Implications for Bangladesh
It should come as no surprise then that
TICFA is not really an economic cooperation or development agreement. On
the contrary, the agreement is devoid of sector-driven or market
access-centric elements for bilateral cooperation over trade and trade
plus issues, being essentially a US initiated platform platform, outside
the WTO framework, for bilateral negotiation over trade, investment
facilitation, intellectual property rights (IPR), and other trade plus
issues (labour standard, environment, corruption, transparency etc.). It
does not contain anything that addresses those market access and
development issues essential if Bangladesh is to develop its trade and
economy.
In the context of the recent cancellation
of Generalized System of Preference (GSP) by the US government, issues
of market access demand more policy attention than ever from Bangladesh,
especially given that the apparels exporters of Bangladesh must pay a
15.3% duty to enter US markets. However, the TICFA has no authority to
go beyond issues that are of special concern to US policy makers.
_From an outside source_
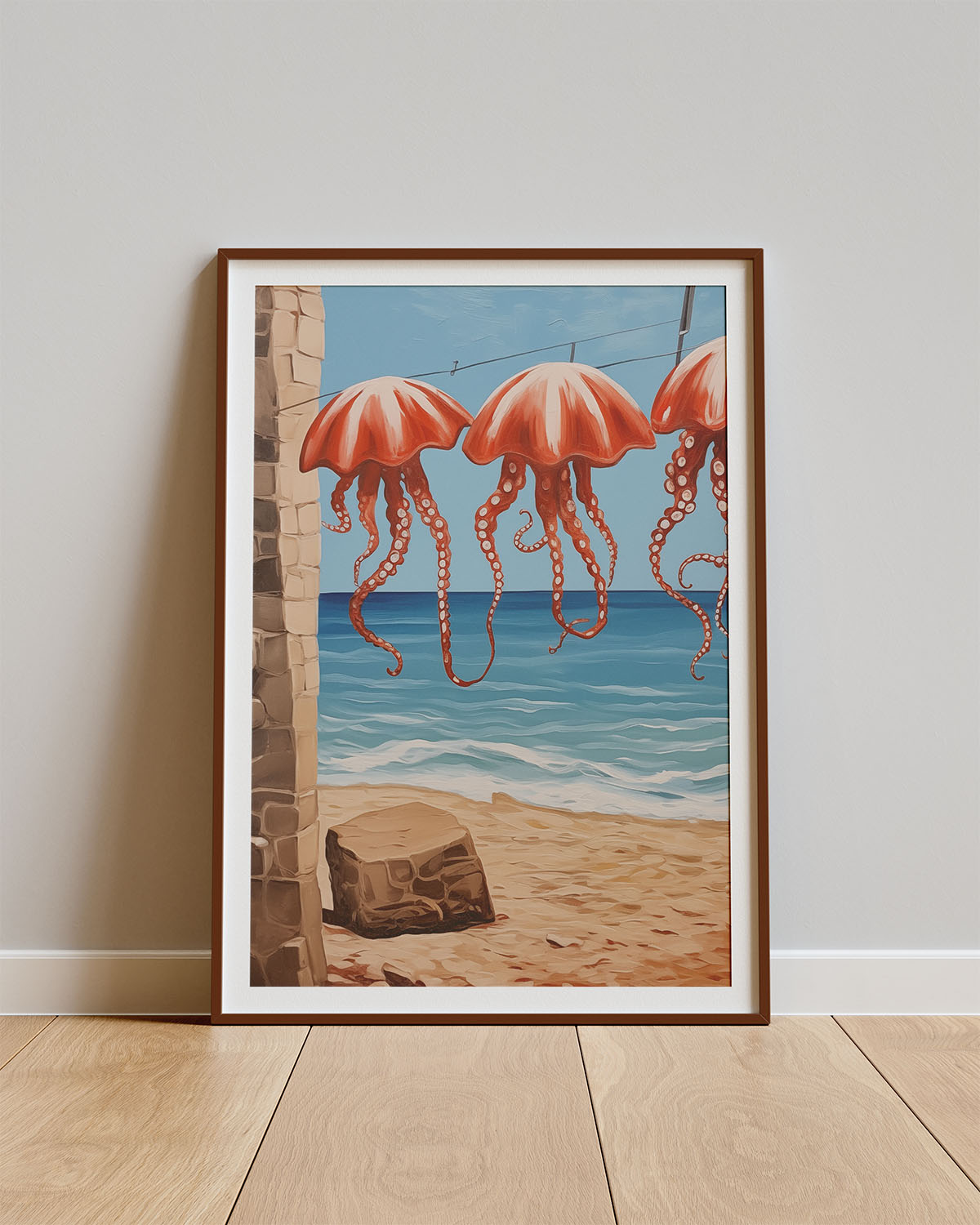 Een speels en kunstzinnig beeld van kwallen die zachtjes deinen aan een waslijn, met de zee op de achtergrond. Jelly Breeze is een verrassende poster die een vleugje humor en creativiteit toevoegt aan je muur. Perfect voor liefhebbers van originele wanddecoratie.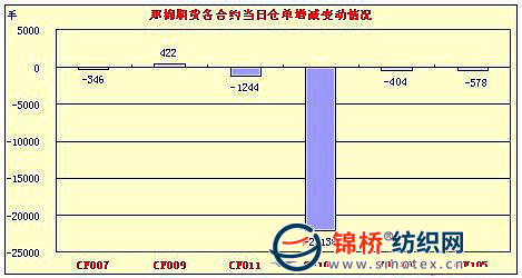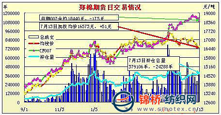 7月13日,鄭棉CF1009合約小幅高開,早盤整理后在空頭賣盤打壓下走低,此后低位盤整,日線形成陰線,日內(nèi)成交量放大,持倉量微增。鄭棉CF1101合約低開調(diào)整,隨后空頭回補支撐期價反彈盤整,尾盤空頭增倉打壓期價回落,短線止損盤亦壓制期價收于日低,日線形成低開小陰線,日內(nèi)成交量萎縮,持倉量繼續(xù)大幅減少。CF1009合約日成交65572手,日減倉422手,終盤持倉量101386手;CF1101合約日成交220406手,日減倉22138手,終盤持倉量201006手。基本面情況:現(xiàn)貨出現(xiàn)滯漲,顯現(xiàn)疲軟,有小幅下滑趨勢。主要原因應與近期將有可能拋儲及棉紗出現(xiàn)滯漲有關(guān)。據(jù)紡企反饋,近日紡織品市場淡季來臨,棉紗庫存有所增多,并且部分地區(qū)棉紗價格出現(xiàn)下滑。因此,紡織企業(yè)對原料采購進一步收緊,開始壓價,觀望情緒更濃。

The forum agreement reiterates the
bilateral commitment of the parties to the Bilateral Investment Treaty,
signed in 1986 during the autocratic Ershad regime, and before the
establishment of the WTO. In fact, rather than being a genuinely
bilateral, this initial agreement was little more than a unilateral
commitment on the part of an LDC, struggling hard to attract foreign
investment for its economic prosperity. Current U.S. direct investment
in Bangladesh is second only to that of the UK, and now stands at USD 1
billion. More importantly, it has significant investments in the
environmentally and locally sensitive energy and power sectors, with
Chevron the major US investor in Bangladesh, and more than $2 billion in
the pipeline for the development of power plants, coal mines and
fertilizer plants.
Obviously, bilateralism under such a
strategically motivated agreement, sidelining the already existing
multilateral platform of the WTO, holds a potential risk for a country
like Bangladesh. It can be expected that the gradual relative economic
decline of the US will see it become diplomatically more aggressive in
its bilateralist efforts, with no assurance at all that the weaker
partner to such agreements may not accede – willingly or not – to the
wishes of its globally powerful ‘partner’. This is particularly the case
when the ruling party of the weaker power has a performance deficit or
legitimacy crisis on domestic front. In such cases the ruling elites of
the weaker country may seek external support by giving the stronger
party what it wants. The signing of the TICFA by the Bangladesh
government on the eve of the chief election commissioner announcing the
national polling date strongly hints that vulnerability. Predictably, at
this critical juncture at the domestic political level, the major
opposition party of Bangladesh has also welcomed inking of the TICFA,
expecting this to help them earn the political "confidence" of the
global superpower.
Nor, if we are to appreciate the
implications for Bangladesh of signing up to TICFA, can we ignore the
fact that Bangladesh has been one of the most influential and vocal WTO
members in multilateral trade negotiations in upholding the interests of
the LDCs. In many cases Bangladesh has operated as a leader on behalf
of the LDCs at the WTO. However, by signing this bilateral forum
agreement Bangladesh has weakened is position in this arena. For it has
incurred an expectation that it will not harm the trade and economic
interests of the US and its allies, thus undermining its capacity and
will to stand up for the interests of other LDCs; and especially
important development at a time when many of these countries – having
already signed bilateral framework/forum agreements – have now started
to feel the pinch of one-on-one approach based trade negotiations with
the USA.
Experiences of the signatory countries
Evaluating the experiences of the
southern countries' bilateral agreements with the US and the EU, Saman
Kelegama, executive director of the Institute of Policy Studies of Sri
Lanka, observed that "southern countries most often ignore the details
of the trade arrangement at the start and thereby undermine the cost of
market access".1
He explained how US policy makers had
imposed conditionality on Sri Lanka a pre-condition for its readymade
garment products to access US markets. The conditions imposed by the USA
included fulfilling the stipulated rules of origin with a provision of
reverse purchase of US fabrics; amending IPR laws to remove obligations
for compulsory licensing and withdraw the competition policy
legislation; and liberalization of the capital account for trade
exchanges with the US. The same conditionally story holds for Chile and
Singapore. After signing bilateral trade agreements they have lost the
authority to exercise control over capital outflows to the USA.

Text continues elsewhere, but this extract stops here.